EXERCISE OBJECTIVE: To complete this task, print all the data below exactly but leave out the images.
*** SOURCE INFORMATION ***
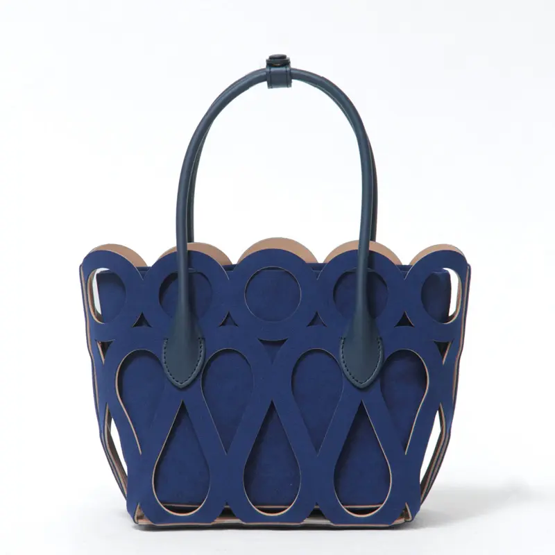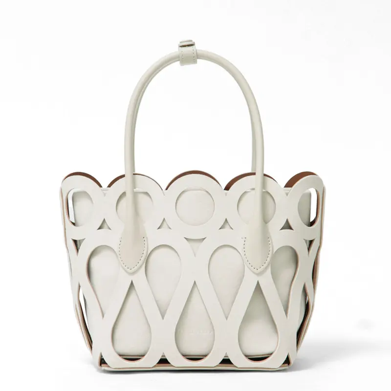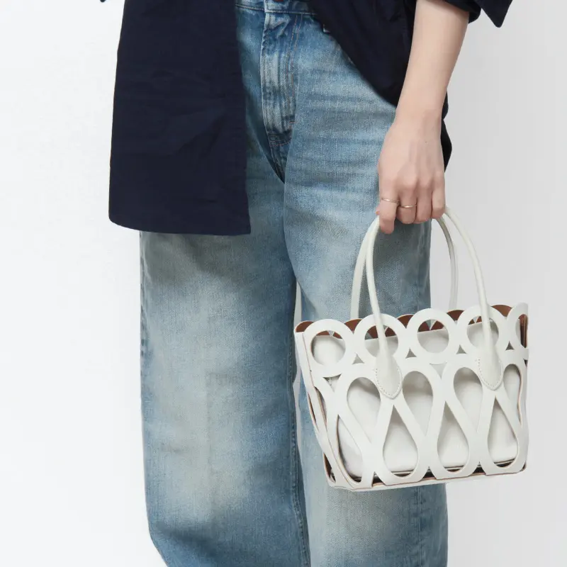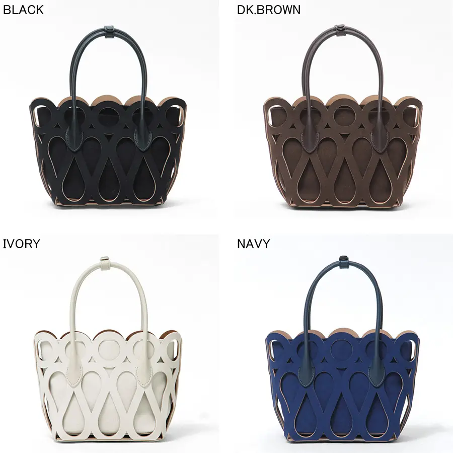 アートのようなカットワークが目を引く。少し細めのハンドルはで女性らしさをプラスし、手持ちでも肘に掛けても使いやすい絶妙な長さ。存在感のあるデザインが、いつもの装いに華やかなアクセントを添えてくれます。
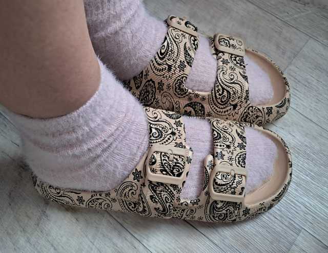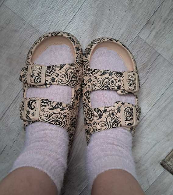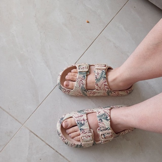 excellent slippers, soft, but not flims, straps are adjustable, suitable for both wide feet and narrow feet. Delivery is fast, everything is great!
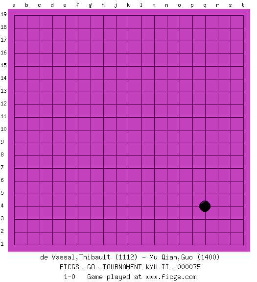 Last move : 1-0 2022 December 25 2:39:38 [Event "FICGS__GO__TOURNAMENT_KYU_II__000075"] [Site "FICGS"] [Date "2022.11.25"] [Round "1"] [Black "de Vassal,Thibault"] [White "Mu Qian,Guo"] [Result "1-0"] [Rating 1 "1112"] [Rating 2 "1400"] 1.q4 1-0 This go game has been lost on time (started : 2022.11.25 2:12:42) Follow this game move after move (download)Dead group ? Always win ko fights ! (Anonymous) Secret operations are essential in war; upon them the army relies to make its every move. (Sun Tzu)
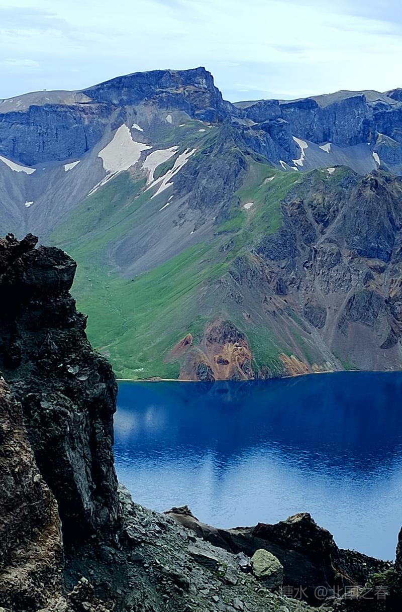 天池犹似瑶池 离天近在咫尺 蓝天碧水如镜 前行在此步止
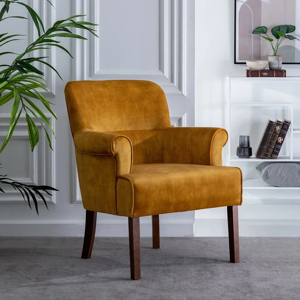 Adaugă rafinament și confort în orice încăpere cu fotoliul Refined galben ocru. Cu un design clasic și tapițerie din stofă de calitate superioară, acest fotoliu este ideal pentru living, dormitor sau birou.
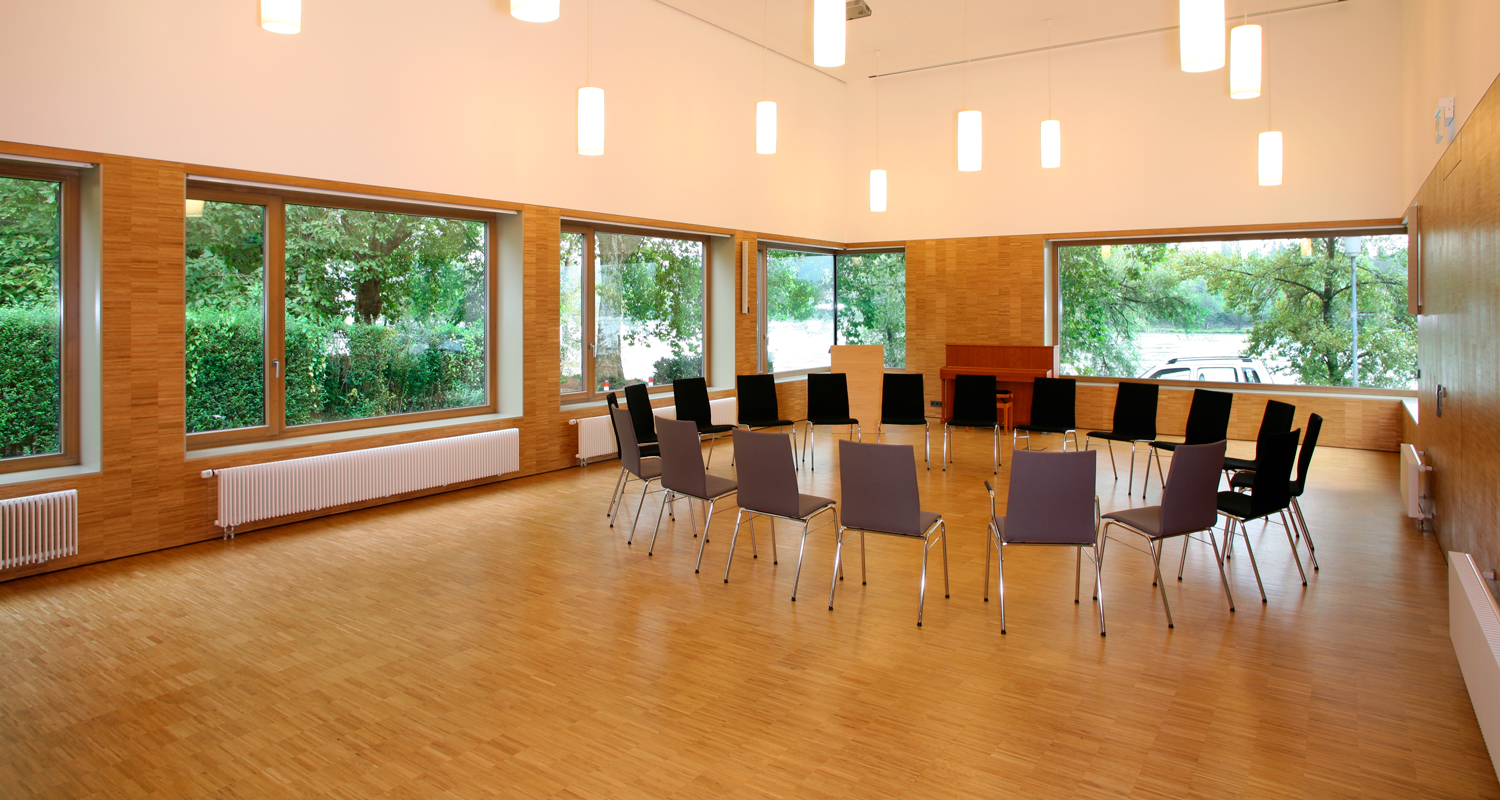 In seiner Farbe nimmt das Gemeindehaus Bezug zum Sandstein der Kirche. In Glas aufgelöste Saalecken und ein breites Panoramafenster im Sitzungsraum inzenieren den Blick rheinauf- und rheinabwärts.
*** End of SOURCE INFORMATION ***
RESPONSE TO THE TASK:
 アートのようなカットワークが目を引く。少し細めのハンドルはで女性らしさをプラスし、手持ちでも肘に掛けても使いやすい絶妙な長さ。存在感のあるデザインが、いつもの装いに華やかなアクセントを添えてくれます。
 excellent slippers, soft, but not flims, straps are adjustable, suitable for both wide feet and narrow feet. Delivery is fast, everything is great!
 Last move : 1-0 2022 December 25 2:39:38 [Event "FICGS__GO__TOURNAMENT_KYU_II__000075"] [Site "FICGS"] [Date "2022.11.25"] [Round "1"] [Black "de Vassal,Thibault"] [White "Mu Qian,Guo"] [Result "1-0"] [Rating 1 "1112"] [Rating 2 "1400"] 1.q4 1-0 This go game has been lost on time (started : 2022.11.25 2:12:42) Follow this game move after move (download)Dead group ? Always win ko fights ! (Anonymous) Secret operations are essential in war; upon them the army relies to make its every move. (Sun Tzu)
 天池犹似瑶池 离天近在咫尺 蓝天碧水如镜 前行在此步止
 Adaugă rafinament și confort în orice încăpere cu fotoliul Refined galben ocru. Cu un design clasic și tapițerie din stofă de calitate superioară, acest fotoliu este ideal pentru living, dormitor sau birou.
 In seiner Farbe nimmt das Gemeindehaus Bezug zum Sandstein der Kirche. In Glas aufgelöste Saalecken und ein breites Panoramafenster im Sitzungsraum inzenieren den Blick rheinauf- und rheinabwärts.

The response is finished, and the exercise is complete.